Thursday 14 March 2013

Whether when assessee has received only advance payment against a sale transaction, Revenue is right in law to bring entire sum to tax in same year - NO: HC

THE issues before the Bench are - Whether when assessee has received only advance payment against a sale transaction, Revenue is right in law to bring entire sum to tax in same year and Whether when there is no evidence that borrowed capital has been used for the purchase, the gain on sale of such asset can be taxed under the head 'Profits and Gains for Business & profession'. And the verdict goes against the Revenue.
Facts of the case
A) Assessee, a Company had purchased certain properties between 08.02.2005 and 25.08.2005 for Rs. 1,06,58,000/-. This land was sold in its entirety to one A.B. Tower Private Limited for a consideration of Rs 18 crores by virtue of a sale deed, which falls in the succeeding year. However, an advance had been received of Rs. 5 crores during the year under consideration. During assessment, the AO had regarded the receipt of advance as finalization of
the transaction and subjected the entire consideration amount of Rs. 18 crores (minus the cost price) to tax in the current assessment year. Consequently, the AO had made an addition of Rs. 16,93,42,000/- on this account. On appeal, the CIT(A) had deleted the addition, which was confirmed by the Tribunal on further appeal. It was held that there was no agreement to sell between the parties in the year in question and the only document which pertained to the transfer of property was the sale deed which was executed in the subsequent year. The Tribunal further held that there was no transfer of possession in the year in question. In these circumstances, the Tribunal felt that the sum of Rs. 5 crores was only a receipt by of advance which had been received by the assessee and no transaction stood concluded in the year in question. Consequently, the Tribunal confirmed the deletion of addition.

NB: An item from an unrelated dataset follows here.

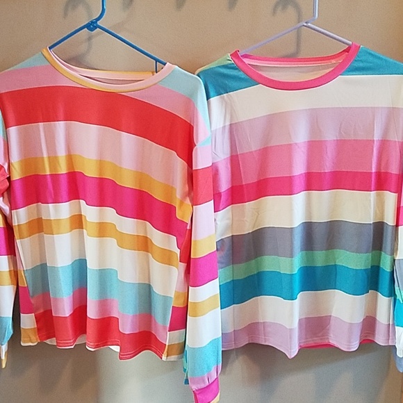 Polyester striped top, $17 each

B) Assessee had purchased the land in 1994-96. Since then, the ssessee had shown the said land in its balance sheet as a fixed asset. The same had been consistently shown as such by the assessee in all the years including the AY 2006-07. Two portions out of the said land were sold in the year in question. The assessee had claimed that the sale proceeds were not part of its business income but, being sales of its fixed assets resulted in LTCG. During assessment, the AO had not agreed with this and taxed the entire amount as part of the assessee’s business income. Consequently, the AO made an addition of the said sum of Rs. 3,07,82,342/- by holding it as profit on sale of land which was taxable under the head ‘PGBP’ and not by way of capital gains. On appeal, the CIT(A) deleted the said addition and the said deletion has been confirmed by the Tribunal by virtue of the impugned order.
Held that:
A) ++ we are in agreement with the stand and approach adopted by the Tribunal. There was no evidence of any confirmed transaction in the year in question. As such, the addition could not have been made on the ground that the transaction had been concluded. We may also point out that in the subsequent year, the entire amount has been offered for taxation and has been subjected to tax. The Tribunal observed that the facts of this case are clearly distinguishable. No agreement has been signed in this year. The possession has also not been delivered in this year. The twin conditions of execution of written agreement and handing over of the possession have to be cumulatively satisfied in order to bring the case within the ambit of section 2(47)(v) read with section 53A of the Transfer of Property Act. None of these conditions are satisfied. Therefore, it is held that the property has not been transferred in this year. It has also not been sold in this year. Since the transaction of transfer has not taken place in this year, nothing can be brought to tax as business income in this year. In this view of the matter, the money received is only an advance, which will get taxed as and when the transaction actually takes place. This happened in the immediately succeeding year. Therefore, no question of law arises for our consideration insofar as this issue is concerned;
B) ++ the Tribunal has observed that an assessee could hold lands either for business or as an investment and there was no bar on an assessee in undertaking, along with his business of sale-purchase of land, also an investment in land. In these circumstances, the Tribunal held that the assessee could very well be a trader in land as well as an investor in land simultaneously, depending on what his intention was and how he treated the asset in question. The Tribunal returned a finding that in the present case, the land was purchased and was shown as an asset in the balance sheet and that the land had also been used for agricultural purposes. It also noted the fact that the land had been held for a long period of time, the same having been purchased in 1994-96. The Tribunal was also conscious of the fact that there was no evidence that borrowed capital had been used for the purchase. All these circumstances, led the Tribunal to the inference that the land was held as an asset and, therefore, the assessee had appropriately offered it for taxation under the head ‘capital gains’. We do not find any perversity in these findings and, therefore, there is no cause for interference with the same. No substantial question of law arises for our consideration even in respect of this proposed issue. No other aspect was argued before us.